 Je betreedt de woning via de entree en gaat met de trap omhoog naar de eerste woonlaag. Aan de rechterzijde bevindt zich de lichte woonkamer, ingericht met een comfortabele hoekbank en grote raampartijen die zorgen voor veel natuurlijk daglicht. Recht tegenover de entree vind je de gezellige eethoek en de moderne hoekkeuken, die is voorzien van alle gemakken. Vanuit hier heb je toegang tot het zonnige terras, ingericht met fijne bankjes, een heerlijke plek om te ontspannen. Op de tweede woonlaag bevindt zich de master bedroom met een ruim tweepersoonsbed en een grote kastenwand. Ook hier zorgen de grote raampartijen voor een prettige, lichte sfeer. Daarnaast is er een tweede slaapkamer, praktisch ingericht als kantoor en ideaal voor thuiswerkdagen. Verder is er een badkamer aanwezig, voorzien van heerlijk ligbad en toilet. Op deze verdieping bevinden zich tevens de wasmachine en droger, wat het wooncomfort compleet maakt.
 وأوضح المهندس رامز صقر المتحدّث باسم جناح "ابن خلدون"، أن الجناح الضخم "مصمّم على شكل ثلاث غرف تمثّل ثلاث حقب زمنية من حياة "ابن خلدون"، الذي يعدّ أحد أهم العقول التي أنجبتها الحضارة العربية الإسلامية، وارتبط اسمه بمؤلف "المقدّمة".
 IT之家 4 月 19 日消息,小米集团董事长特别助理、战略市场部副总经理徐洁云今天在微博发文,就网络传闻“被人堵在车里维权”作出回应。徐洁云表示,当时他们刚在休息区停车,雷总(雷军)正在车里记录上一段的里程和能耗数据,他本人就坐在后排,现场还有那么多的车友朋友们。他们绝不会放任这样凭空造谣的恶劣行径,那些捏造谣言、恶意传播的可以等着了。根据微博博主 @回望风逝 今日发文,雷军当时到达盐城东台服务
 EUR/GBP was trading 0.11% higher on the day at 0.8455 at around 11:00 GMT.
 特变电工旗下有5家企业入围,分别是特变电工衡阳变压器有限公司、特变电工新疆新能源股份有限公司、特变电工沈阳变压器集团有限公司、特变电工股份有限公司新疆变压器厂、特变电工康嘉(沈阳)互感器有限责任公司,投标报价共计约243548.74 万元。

════════════════

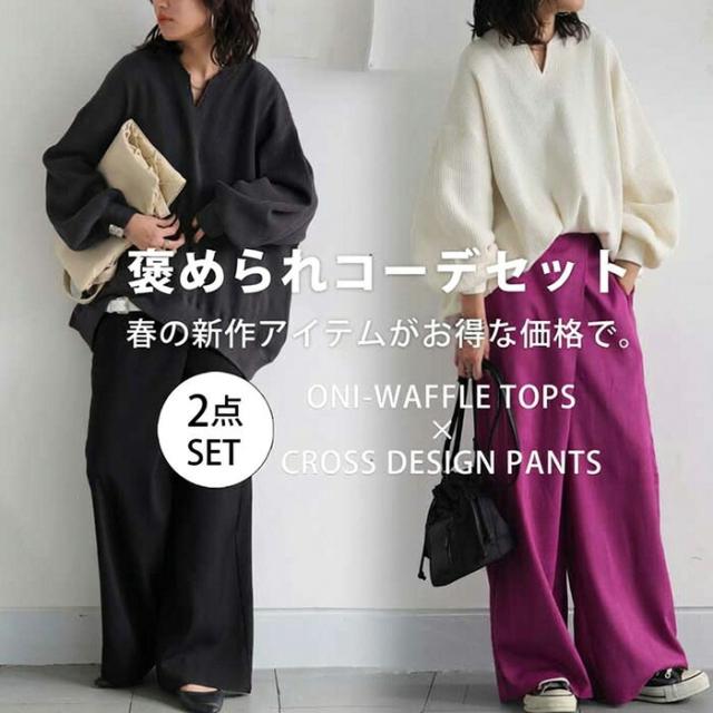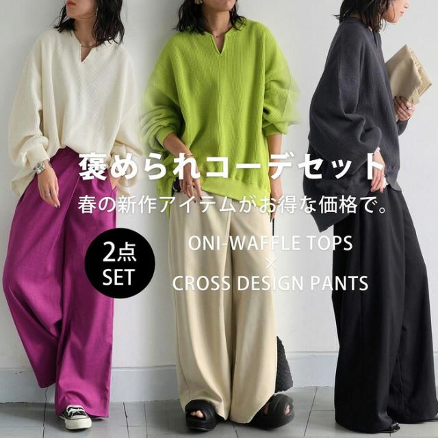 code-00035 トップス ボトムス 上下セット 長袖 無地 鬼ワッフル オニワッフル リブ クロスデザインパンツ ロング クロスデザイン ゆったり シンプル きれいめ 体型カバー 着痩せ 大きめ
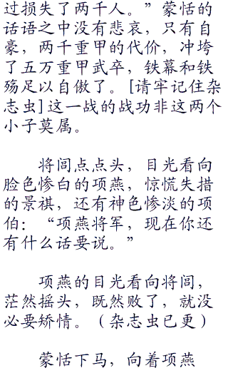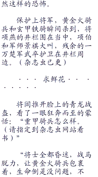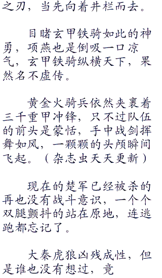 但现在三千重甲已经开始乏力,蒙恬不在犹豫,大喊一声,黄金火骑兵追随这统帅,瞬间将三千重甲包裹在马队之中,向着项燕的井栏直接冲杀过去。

════════════════

* WHAT THE TASK REQUIRES
Reproduce verbatim only the segment of the listing bounded by the line containing "IT之家 4 月 19" and the line containing "特变电工旗下有5家企业入围,分别是特变电", with both boundary lines included.

* SOLUTION TO THE PROBLEM
 IT之家 4 月 19 日消息,小米集团董事长特别助理、战略市场部副总经理徐洁云今天在微博发文,就网络传闻“被人堵在车里维权”作出回应。徐洁云表示,当时他们刚在休息区停车,雷总(雷军)正在车里记录上一段的里程和能耗数据,他本人就坐在后排,现场还有那么多的车友朋友们。他们绝不会放任这样凭空造谣的恶劣行径,那些捏造谣言、恶意传播的可以等着了。根据微博博主 @回望风逝 今日发文,雷军当时到达盐城东台服务
 EUR/GBP was trading 0.11% higher on the day at 0.8455 at around 11:00 GMT.
 特变电工旗下有5家企业入围,分别是特变电工衡阳变压器有限公司、特变电工新疆新能源股份有限公司、特变电工沈阳变压器集团有限公司、特变电工股份有限公司新疆变压器厂、特变电工康嘉(沈阳)互感器有限责任公司,投标报价共计约243548.74 万元。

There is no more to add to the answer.